Solid wood is seldom used in commercial designs because its just too expensive. I have also always heard the issue about warpage, but that could probably be surmounted with the right wood and aging. I am familiar with piano construction and keys and hammers are made with solid wood (but I have seen hammers warp). I also remember a video on piano construction where they took a large board of solid wood and cut it into 1" wide strips. Each strip was turned 90 degrees and then they were all glued back together, kind of a butcher block approach. This was said to give them long term stability.

Still, in the end solid wood tends to be lighter and higher Q than most veneered MDF. As such it is a slightly inferior material to use, so I wouldn't be real excited about paying a lot more for inferior results.

David S.
 
Speaking as a cabinetmaker, the logistics of a solid wood cabinet can be overcome. From the standpoint of what speaker dave has illustrated ... not so much. It's hard to defeat woods inherent sound characteristics ... ie its lack of consistency piece to piece.

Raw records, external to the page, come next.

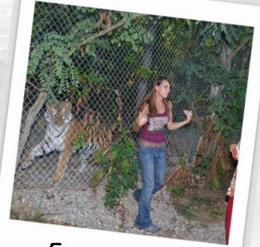
Evening Roar 2012

This summer and fall the EFRC hosted many wonderful special events. We thank all of our friends who came out for two Evening Roars and the large groups of family and friends who made both Fall Fest and Pumpkin Party such terrific days. As we witnessed again, nothing gets our cats talking like the sound of over 100 motorcycles rumbling down Ashboro Road for Rescue Ride!
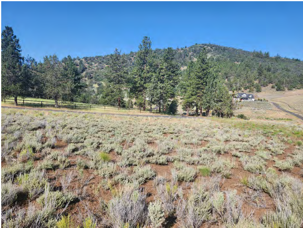
Parcel AR – View facing Southwest from North corner of Parcel.
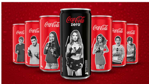
Photo 4. Coca-Cola cans with images of Polish influencers .

Source: https://marketingprzykawie.pl/espresso/gwiazdy-internetu-na-puszkach-coca-coli-wideo/gwiazdy-internetu-na-puszkach-coca-coli-wideo-2/ (Accessed: 16 May 2023).
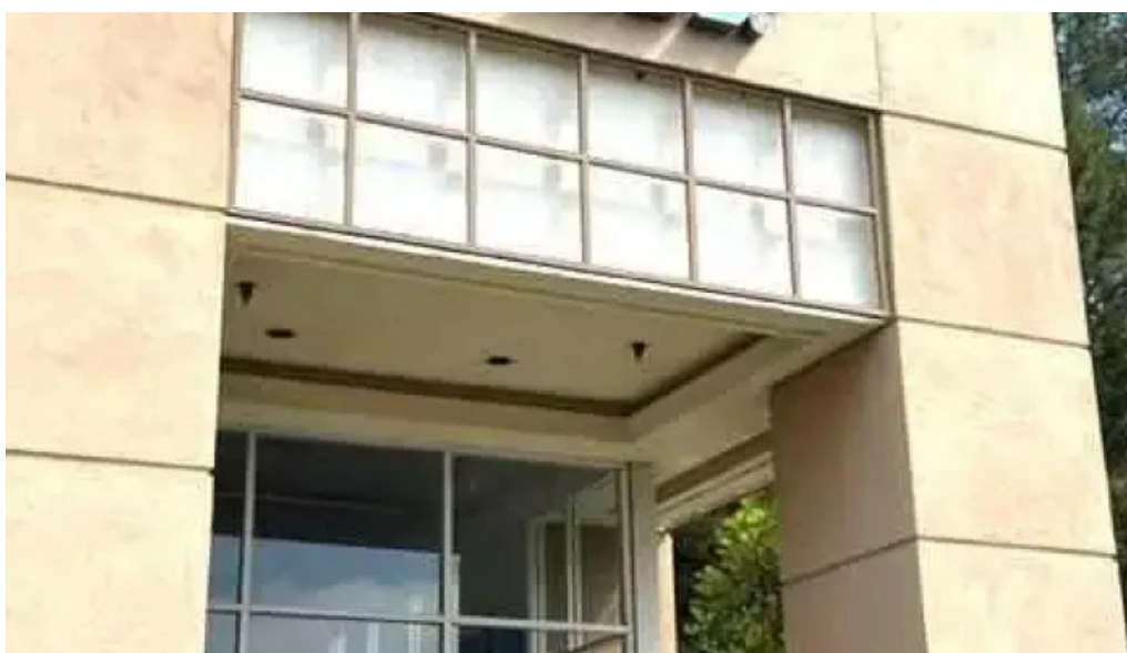
30 minute hit aliso viejo
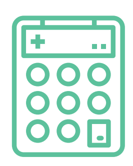
Table 4A - Breakdown of Prior Year Charges (Rebates) / Additions
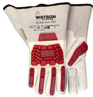
Winter Gloves - Watson Gloves Winter Van Goat Gauntlet Style Cuff Gloves
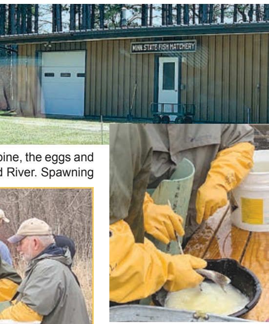
usually ends in three to four weeks. In a typical season, 300-900 guarts of eggs are taken with an average of 135,000 eggs per quart. the Annually, hatcherv

produces 25 to 80 million walleye fry. Walleye fry are stocked into area lakes and rearing ponds. Fry that are stocked in rearing ponds are harvested in the fall as fingerlings and stocked into area lakes
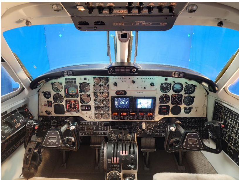
B200 with classic (analog) panel (optional glass cockpit is available)

Weight: 6,500lbs w/ base (all is approx)
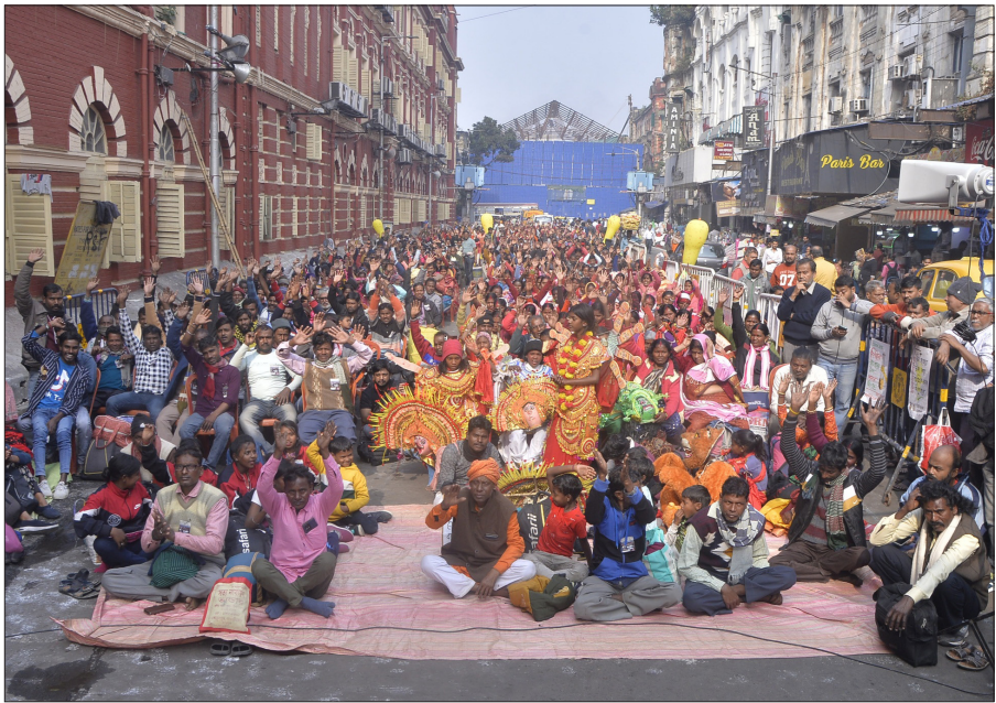
Traditional Purulia Chau artists perform Chau dance during Sara Bangladesh Lokshilpi Samsad protest rally over their various demands for traditional folk performers in Kolkata on Friday.
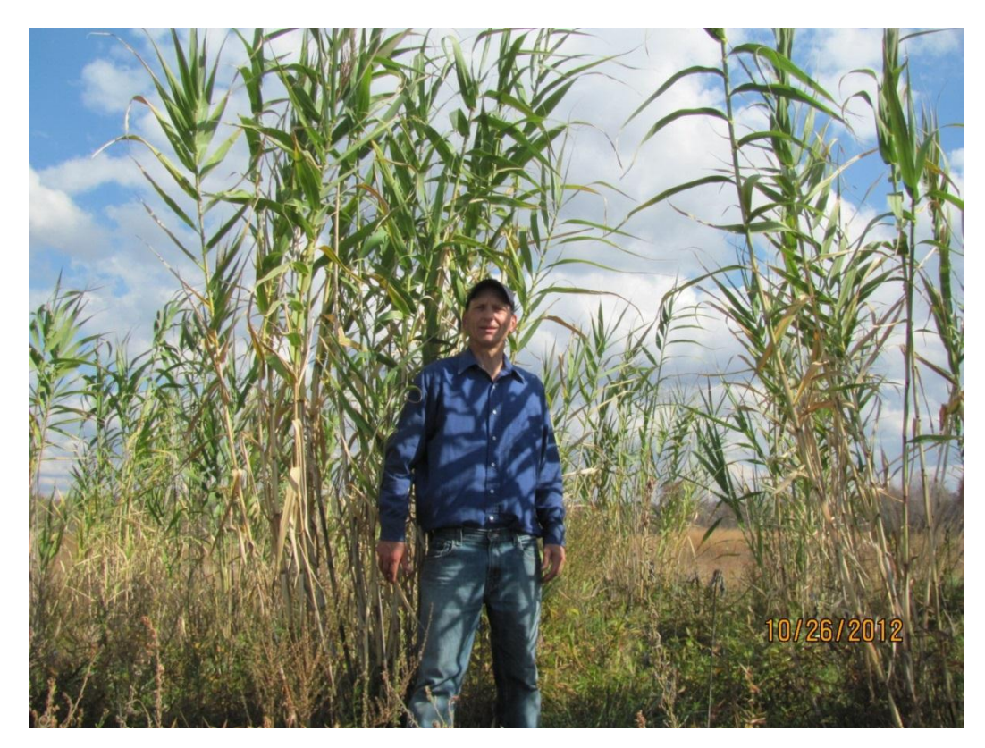
Picture 4. Sparse growth of giant cane at Alton, WV, after the third growing season.
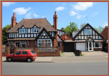
3. Why are the small Arts and Crafts style houses on Shirley Road there?
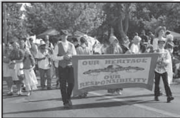
Daughters of Utah Pioneers Clark Nevada Desert Springs Co. - First Place
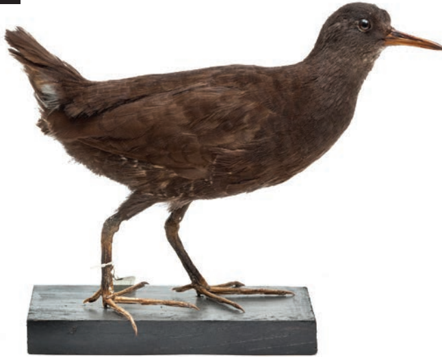
Figure 7. Melanistic Water Rail Rallus aquaticus (NHMUK 1939.12.9.3699, Ireland, 13 November 1902), with increased eumelanin, resulting in almost solid black plumage
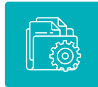
ADVANCED FILE MANAGEMENT
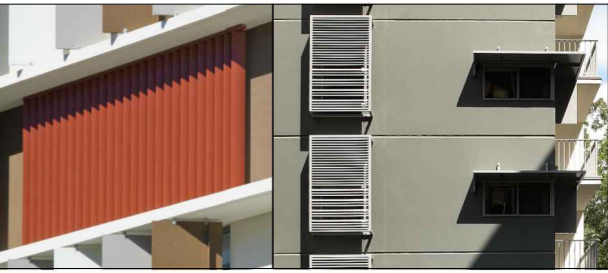
EXAMPLES OF SUNSHADES / PRIVACY SCREEN
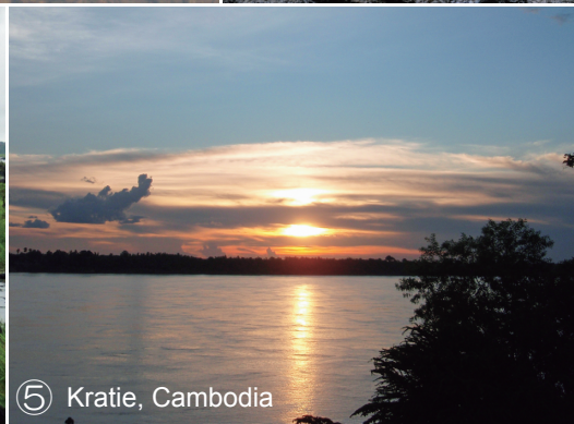
⑤ Kratie, Cambodia
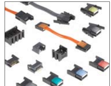
3M™ Mini-Clamp Socket Connectors
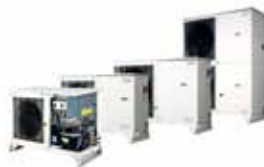
Optyma Plus Condensing Units
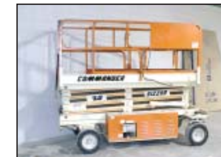
Yale 2,500 Lb. Electric Walk Behind Closed Mast 72", Max Lift 104", 42" S/N N538991
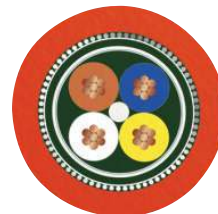
Sercos III [93K]
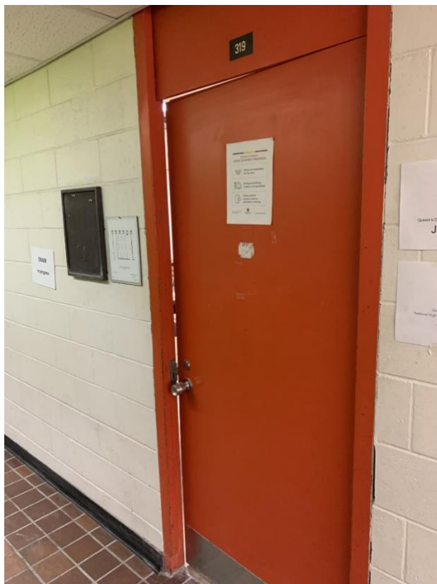
Image Description: The entrance to room 319 is a red door with a doorknob on the left side.

There is however the alternative of a frame/panel construction which could open up a wide variety of panel configurations and construction techniques to address the various points made by speaker dave. Best of both worlds perhaps.
 
Is a higher Q, lighter weight material inherently inferior? I would think that a higher Q material would be easier to damp with bracing... but I'm not really an expert in the field.

Either way I would consider a frame and panel construction as puppet recommends. I've never found warping to be a problem when building solid wood cabinets, but I've certainly had trouble with expansion and contraction. Both in opening up joints over time and in trying to screw a drivers frame to a expanding/shrinking piece of wood. Something will give eventually.... so this needs to be addressed. Either an over sized hole in the baffle with bolts, or frame and panel with a plywood panel.

Joe
 
Cabinet damping

Actually, bracing doesn't "damp" vibrations at all. Bracing does raise the resonant frequency and raise the "Q". If you can get the resonant points out of the band that the cabinet is expected to work over, then that's good. Bracing a subwoofer is good, Bracing a midrange isn't typically very successful...

De-coupling drivers from cabinets helps, as does increasing the mass of the panels with damping panels such as asphalt pads, etc. helps, too.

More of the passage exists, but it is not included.